### [What you are asked to do]
Output every record word for word, minus the pictures.

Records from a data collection
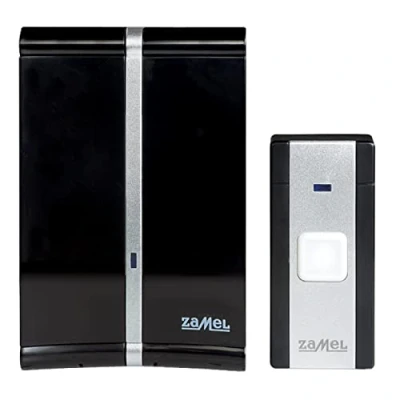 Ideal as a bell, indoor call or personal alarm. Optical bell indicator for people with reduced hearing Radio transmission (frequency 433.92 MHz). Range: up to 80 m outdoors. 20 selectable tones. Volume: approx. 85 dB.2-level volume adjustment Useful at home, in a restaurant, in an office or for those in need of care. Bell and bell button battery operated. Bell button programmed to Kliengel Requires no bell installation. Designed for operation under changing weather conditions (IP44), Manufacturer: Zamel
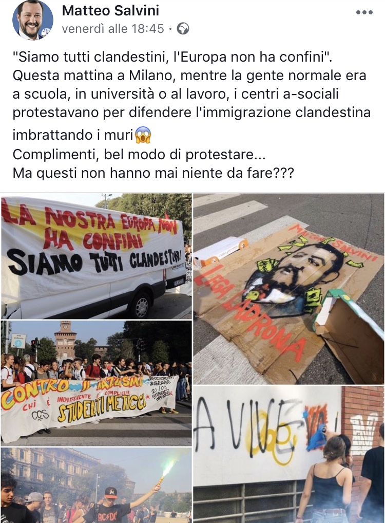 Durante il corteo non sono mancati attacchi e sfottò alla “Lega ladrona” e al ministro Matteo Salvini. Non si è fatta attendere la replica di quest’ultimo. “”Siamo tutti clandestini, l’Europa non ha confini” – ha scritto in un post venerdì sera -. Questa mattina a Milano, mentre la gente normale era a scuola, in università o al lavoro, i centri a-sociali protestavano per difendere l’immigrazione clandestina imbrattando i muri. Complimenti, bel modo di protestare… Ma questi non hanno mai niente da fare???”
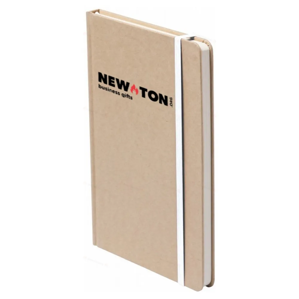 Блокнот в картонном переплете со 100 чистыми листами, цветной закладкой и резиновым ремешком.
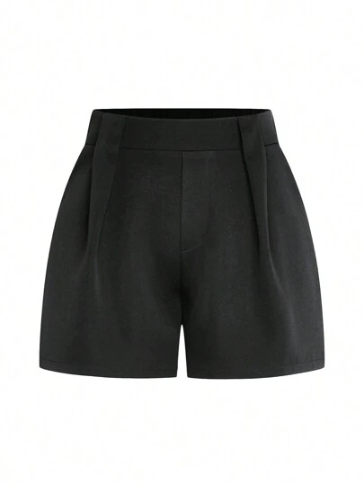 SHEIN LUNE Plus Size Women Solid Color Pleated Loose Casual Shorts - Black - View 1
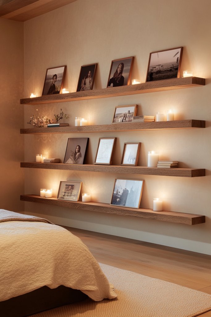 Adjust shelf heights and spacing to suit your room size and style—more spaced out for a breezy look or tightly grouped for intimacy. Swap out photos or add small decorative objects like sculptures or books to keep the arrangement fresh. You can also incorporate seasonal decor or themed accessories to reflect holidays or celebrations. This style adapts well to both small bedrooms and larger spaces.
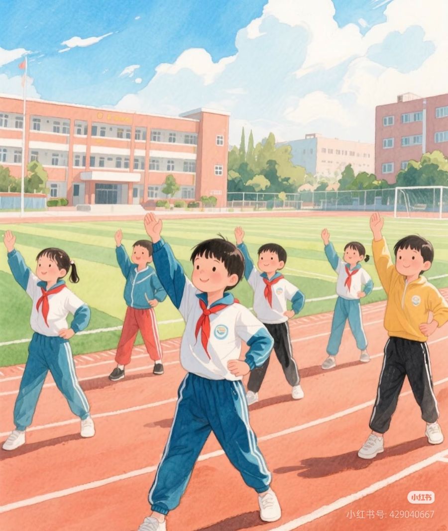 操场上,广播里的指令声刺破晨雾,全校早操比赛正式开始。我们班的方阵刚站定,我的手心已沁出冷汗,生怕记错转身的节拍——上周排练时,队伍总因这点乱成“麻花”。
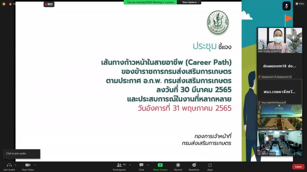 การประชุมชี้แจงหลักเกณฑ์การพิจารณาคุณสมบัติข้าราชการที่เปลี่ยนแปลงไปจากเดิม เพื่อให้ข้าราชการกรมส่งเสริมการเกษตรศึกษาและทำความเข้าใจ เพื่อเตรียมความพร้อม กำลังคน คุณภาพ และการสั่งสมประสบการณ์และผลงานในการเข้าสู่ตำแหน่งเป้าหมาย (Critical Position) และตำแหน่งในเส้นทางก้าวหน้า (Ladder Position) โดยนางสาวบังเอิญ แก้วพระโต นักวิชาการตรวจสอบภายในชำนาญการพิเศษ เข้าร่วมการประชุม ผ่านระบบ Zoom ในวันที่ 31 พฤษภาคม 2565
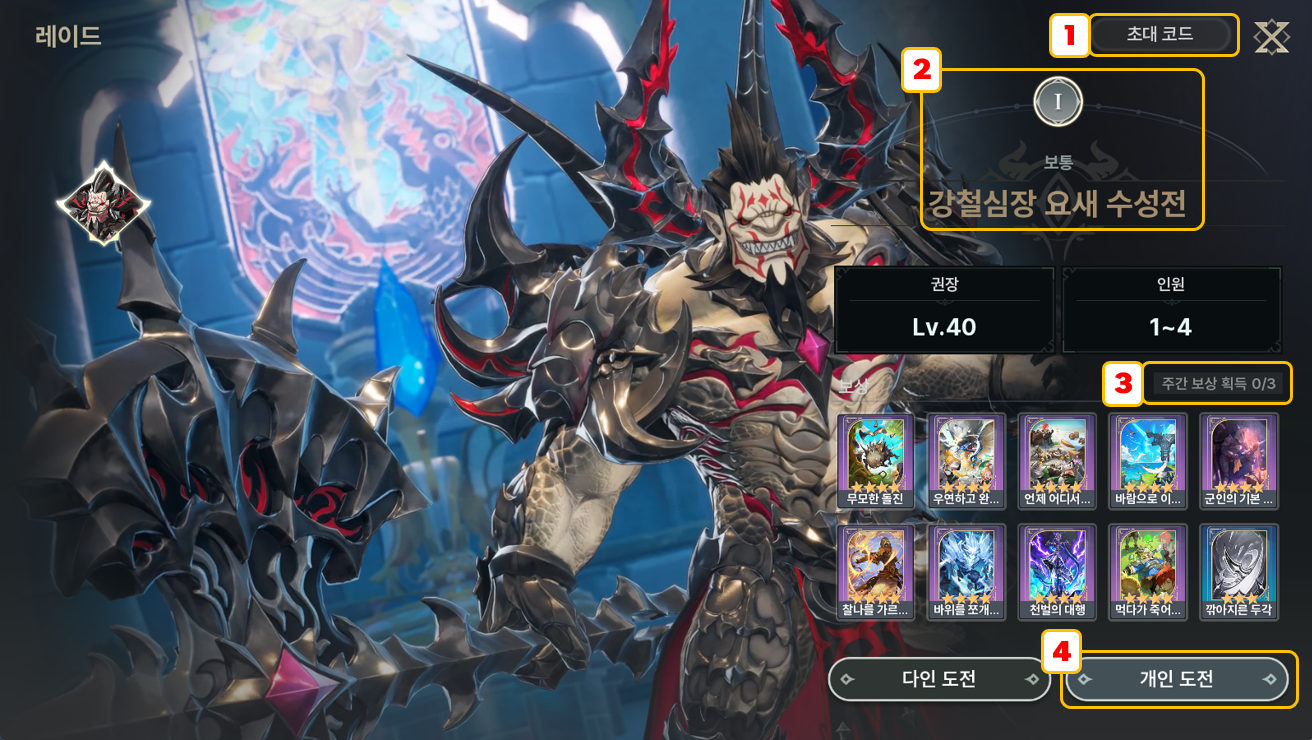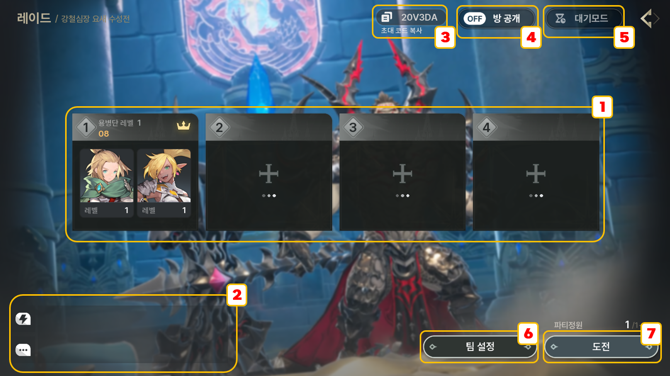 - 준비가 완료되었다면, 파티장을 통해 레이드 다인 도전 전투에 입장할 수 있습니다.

### [Response to this task]
 Ideal as a bell, indoor call or personal alarm. Optical bell indicator for people with reduced hearing Radio transmission (frequency 433.92 MHz). Range: up to 80 m outdoors. 20 selectable tones. Volume: approx. 85 dB.2-level volume adjustment Useful at home, in a restaurant, in an office or for those in need of care. Bell and bell button battery operated. Bell button programmed to Kliengel Requires no bell installation. Designed for operation under changing weather conditions (IP44), Manufacturer: Zamel
 Durante il corteo non sono mancati attacchi e sfottò alla “Lega ladrona” e al ministro Matteo Salvini. Non si è fatta attendere la replica di quest’ultimo. “”Siamo tutti clandestini, l’Europa non ha confini” – ha scritto in un post venerdì sera -. Questa mattina a Milano, mentre la gente normale era a scuola, in università o al lavoro, i centri a-sociali protestavano per difendere l’immigrazione clandestina imbrattando i muri. Complimenti, bel modo di protestare… Ma questi non hanno mai niente da fare???”
 Блокнот в картонном переплете со 100 чистыми листами, цветной закладкой и резиновым ремешком.
 SHEIN LUNE Plus Size Women Solid Color Pleated Loose Casual Shorts - Black - View 1
 Adjust shelf heights and spacing to suit your room size and style—more spaced out for a breezy look or tightly grouped for intimacy. Swap out photos or add small decorative objects like sculptures or books to keep the arrangement fresh. You can also incorporate seasonal decor or themed accessories to reflect holidays or celebrations. This style adapts well to both small bedrooms and larger spaces.
 操场上,广播里的指令声刺破晨雾,全校早操比赛正式开始。我们班的方阵刚站定,我的手心已沁出冷汗,生怕记错转身的节拍——上周排练时,队伍总因这点乱成“麻花”。
 การประชุมชี้แจงหลักเกณฑ์การพิจารณาคุณสมบัติข้าราชการที่เปลี่ยนแปลงไปจากเดิม เพื่อให้ข้าราชการกรมส่งเสริมการเกษตรศึกษาและทำความเข้าใจ เพื่อเตรียมความพร้อม กำลังคน คุณภาพ และการสั่งสมประสบการณ์และผลงานในการเข้าสู่ตำแหน่งเป้าหมาย (Critical Position) และตำแหน่งในเส้นทางก้าวหน้า (Ladder Position) โดยนางสาวบังเอิญ แก้วพระโต นักวิชาการตรวจสอบภายในชำนาญการพิเศษ เข้าร่วมการประชุม ผ่านระบบ Zoom ในวันที่ 31 พฤษภาคม 2565
 - 준비가 완료되었다면, 파티장을 통해 레이드 다인 도전 전투에 입장할 수 있습니다.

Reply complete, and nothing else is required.